Abstract: This paper briefly introduces the principles of Raft protocol and some practical engineering experience on how to use Raft to replicate storage nodes.

1, the introduction

In the engineering practice of Huawei distributed database, we implemented a distributed database system prototype with computing and storage separation and replication of the underlying storage based on Raft protocol. Below is a diagram of its architecture.

The logs generated by the compute node are encapsulated and sent to the storage node over the network.
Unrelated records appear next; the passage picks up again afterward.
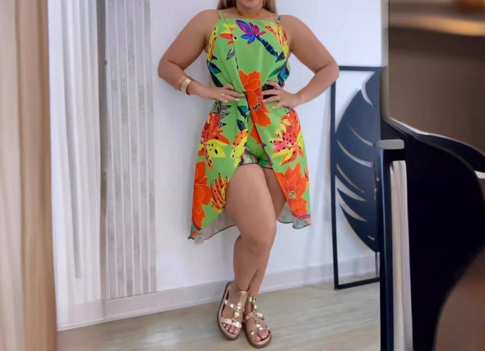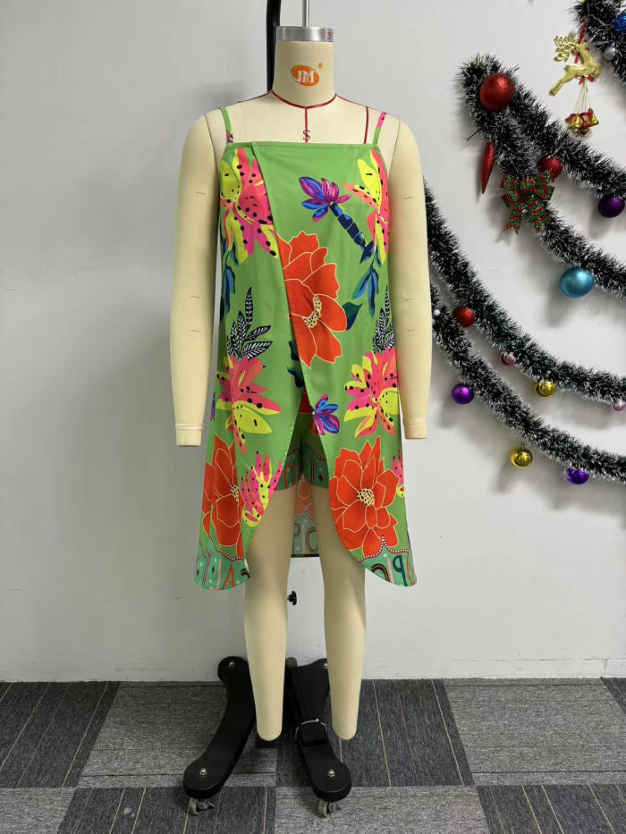 (Real Image)2024 Styles Women Sexy Print Halter Skirt Shorts Set, Two-Piece OutfitSKU: #XF27492-1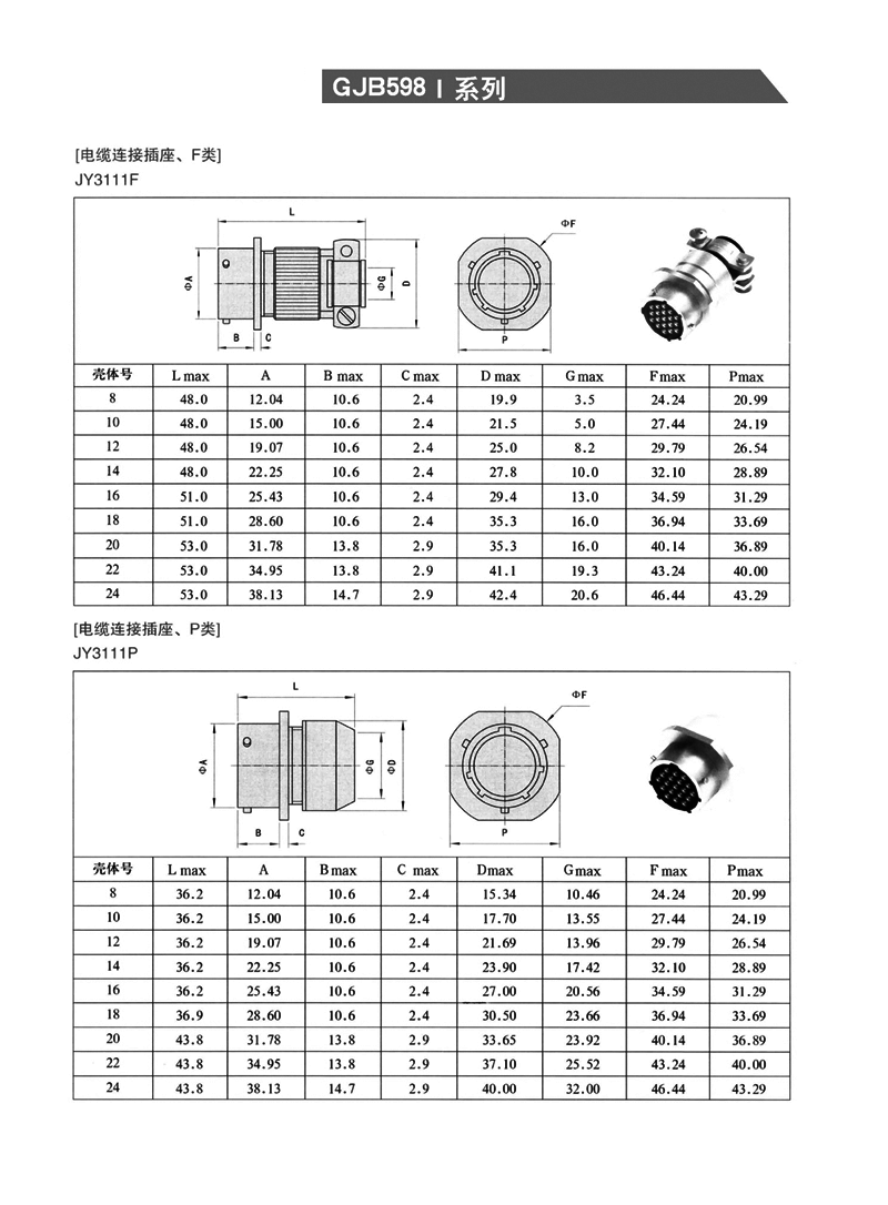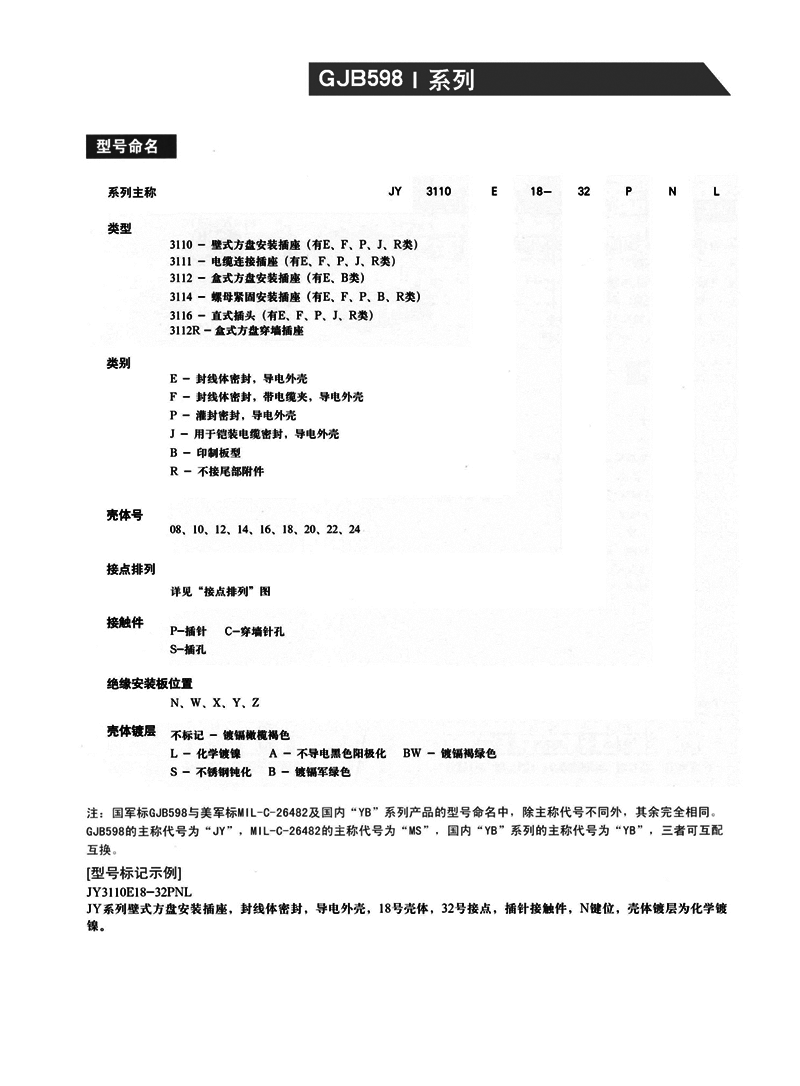 * 廣泛應(yīng)用于各類軍用、民用設(shè)備中 ——?dú)んw:鋁合金 ——鍍層:不標(biāo)記 鍍鎘橄欖褐色,導(dǎo)電外殼 L 類 化學(xué)鍍鎳,導(dǎo)電外殼 A 類 黑色陽(yáng)極化,非導(dǎo)電外殼 ——絕緣體:氯丁橡膠 ——封線體和密封圈:硅橡膠材料 ——接觸件:銅合金鍍金 ——隨機(jī)振動(dòng):頻率10~2000Hz 加速度147m/s2 ——沖擊:加速度490m/s2 ——機(jī)械壽命:500次 環(huán) 境 性 能: ——使用溫度:-55℃ ~ +125℃ ——相對(duì)濕度:40℃時(shí),達(dá)95±4% ——耐鹽霧:鍍鎘:500小時(shí);鍍鎳:48小時(shí) ——密封性: 封線體密封 泄露率小于4.6×102 Pa cm3/s 燒結(jié)密封 泄露率小于0.1Pa cm3/s http://www.bj-zql.net/Product/yuanxinghangkongchatouhangkongjiechajian/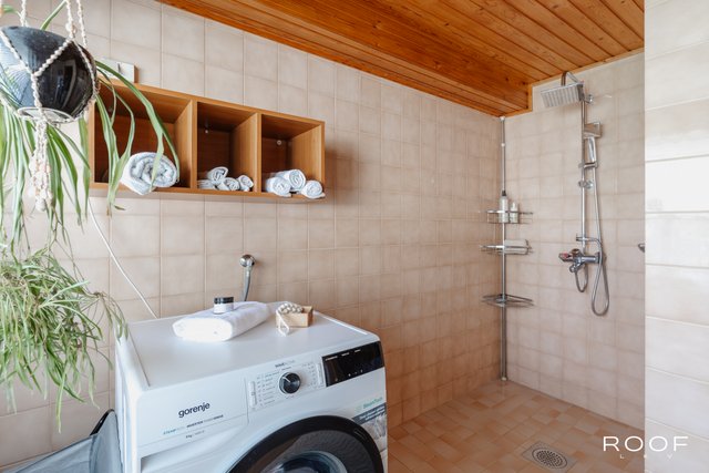 - Suihku, pesukoneliitäntä, ja lattialämmitys (sähköllä)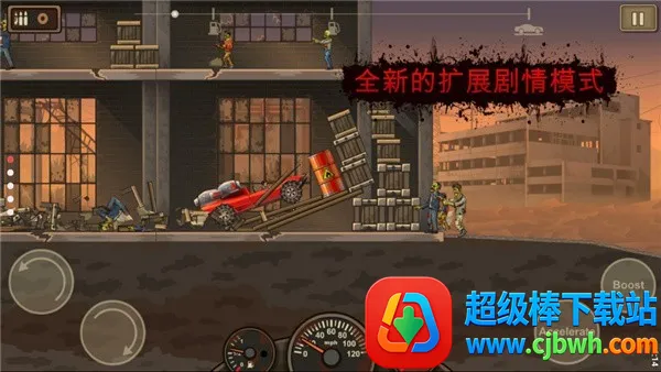 **多种游戏模式**:游戏拥有故事模式、自由驾驶任务模式和探索模式等。不同模式规则玩法各异,像自由模式油量无限,能选任意汽车挑战任意关卡;任务模式需完成如飞跃500米、碾压一定数量僵尸等目标;探索模式要在地图收集指定物品。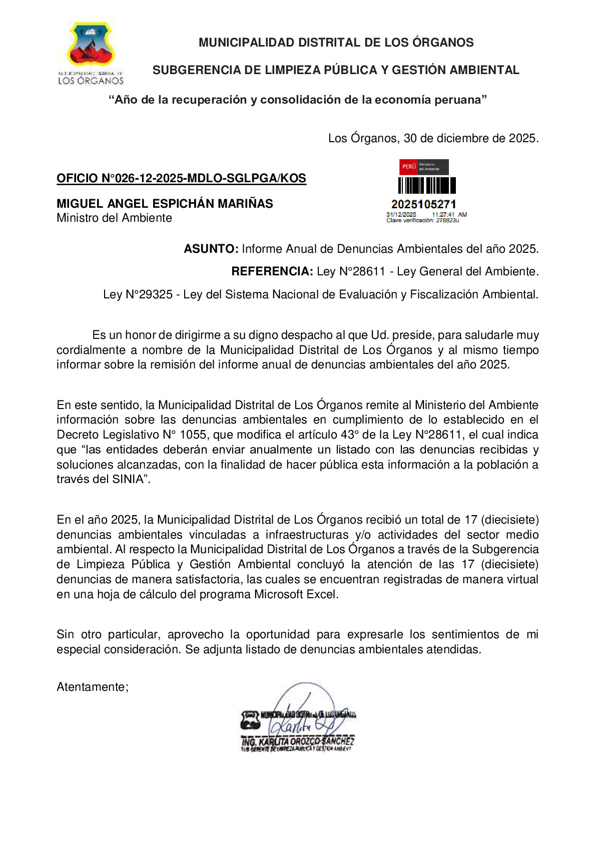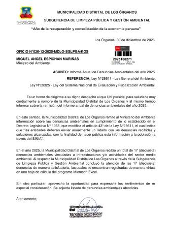 Listado de denuncias ambientales 2025 de la Municipalidad Distrital de los Organos

After agreement is reached at the Raft layer, the logs are applied to the Wal Engine of the state machine to perform log playback and data storage and management.

Here’s a brief introduction to the principles of Raft and some engineering practices on how to use Pinetree for replication.

2. Raft principles

2.1 Basic principles of Raft

Raft algorithm everything is subject to the leader to achieve consensus of a set of values and log consistency of each node. I’ll focus on Leader election, log replication, and member changes for the Raft protocol.

Raft’s election mechanic:

The protocol defines three states for each node: Leader, Candidate, and Follower. Time is defined as Term, and each Term has an ID. Term is similar to a logical clock. A Leader is elected at each Term.

The Leader is responsible for processing all write requests, initiating log replication, and timing heartbeat. A maximum of one Leader can be deployed in each Term. Election failures may occur.

The Follower is in the passive state and processes and responds to RPC requests sent by the Leader.

A Candidate is used to elect a new Leader. When the followers time out, they enter the Candidate state.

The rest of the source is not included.